Friday Graphs: Bad Teachers? or Bad Policy & Crappy Measures in New York?

A while back, I wrote this post explaining the problems of using measures of student achievement growth to try to sort out “where the bad teachers go.”

The gist of the post was to explain that when we have estimates of student achievement growth linked to teachers, and when those estimates show that average growth is lower in schools serving more low income children, or schools with more children with disabilities, we really can’t tell the extent to which these patterns indicate that weaker teachers are sorting into higher need settings, or that teachers are receiving lower growth ratings because they are in high need settings. The reformy line of argument is that it’s 100% the former. That bad teachers are in high poverty schools, and that it’s because of bad teachers that these schools underperform. Fire those bad teachers. Hire all of the average ones waiting in line.

Even the best measures of student growth, linked to teachers, addressing as thoroughly as possibly numerous contextual factors beyond teachers control, can’t totally get the job done – isolating only the teacher…. well… classroom level… effect. And, as I’ve noted in previous posts, many if not most state and district adopted measures are far from the best.. or even respectable attempts.

I explain in this policy brief, that in New Jersey, factors including student population characteristics, average resource levels available in schools, competitive wages of teachers (relative to surrounding districts) and other factors are significant predictors of differences in school average “growth” ratings. Schools with more resources and less needy students, and higher average scores to begin with, in New Jersey, get significantly higher growth ratings.

I also showed in this post that in either Massachusetts or New Jersey, teachers in schools with larger shares of their populations that are female, are less likely to receive bad ratings (Mass) or, conversely in schools that receiving higher growth scores (New Jersey). The implication, accepting reformy dogma about what these measures mean, is that our best teachers are teaching the girls.

So then what about those New York teacher ratings I addressed in the previous post. We saw, for example, that teachers rated “Ineffective” on the growth measure tend to be in high poverty schools:


Tend to be in schools with larger classes:


And those really effective teachers tend to be in schools with lower poverty and smaller classes.

So, does that mean that the “great” teachers are just getting the cushy jobs? Or is the rating system simply labeling them as such?  While there may indeed be some sorting, especially in a state with one of the least equitable funding systems in the nation, it certainly seems likely that the estimates of teacher effect on student achievement growth… well… simply suck! They don’t measure what they purport to measure.

They measure, to a large extent, the conditions into which teachers are placed, and NOT the effect of teachers on student outcomes.
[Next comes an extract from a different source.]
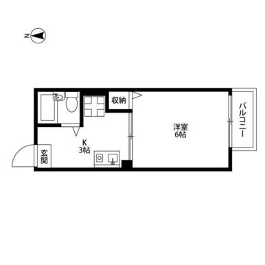 | 間取り | 1K(K3 バス0 洋6 玄関・廊下0) | 主要採光面 | 南 |
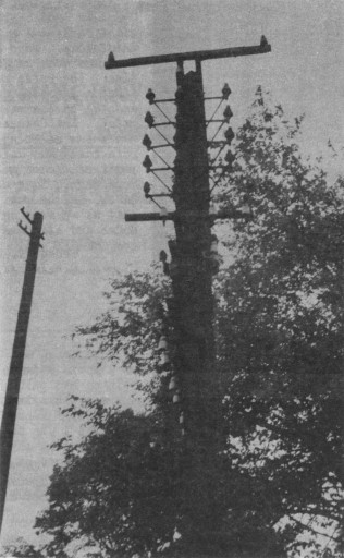 eight crossarms with the insulators. Wood of any kind was rare at that time. The

Combining the above factors into a logistic regression analysis to predict how a handful of conditions affect the likelihood that a teacher is rated either “ineffective” (you really suck) or “developing” (you kinda suck, and we’ll tell you you really suck next year), we get the following:

NY Ratings Bias

So, even when considered together (holding the other “constant”), teachers in schools with larger classes (at constant low income share and funding gap) have greater likelihood of being rated “bad.” Teachers in schools with higher low income concentrations, even if class sizes and funding gaps are the same, are much more likely to be rated “bad.” But, teachers in schools in districts that have smaller state aid gaps, are less likely to be rated “bad.”

So, on the one hand, we can stick to the King’s grand plan….

  • Step 1 – Disproportionately label as “bad” those teachers in schools serving more low income kids, and doing so with fewer resources, including larger class sizes, and dump those lazy failing teachers out on the street…
  • Step 2 – Wait for that long line of “average” teachers to sign up to take their place… stepping into the very same working conditions of their predecessors, which likely led, at least in part, to those bad ratings….
  • Step 3 – Repeat

And the cycle continues, until a) those conditions are improved and b) the measures for rating teacher effect are also improved (if they even can be).

Alternatively, maybe the actual policy implication here is to a) reduce aid gaps and b) use that funding to improve class sizes?


I figured I’d go check out that gender bias issue I found in NJ and MA. And wow – there it is again. I’ve rescaled the low income concentration and female concentration effects to relate odds changes (of being labeled bad) to a 10% point shift in enrollment (e.g. from 50% to 60% low income, or female). Here are the updated model results:

NY Ratings Bias

So once again – is it that all of the “bad” teachers are teaching in schools with higher percentages of boys? or is something else going on here? Are teachers really sorting this way? Are they being assigned by central office this way? Or is there something about a class with a larger share of boys that makes it harder to generate comparable gains on fill in the bubble, standardized tests? Why do the girls get all the good teachers? or do they?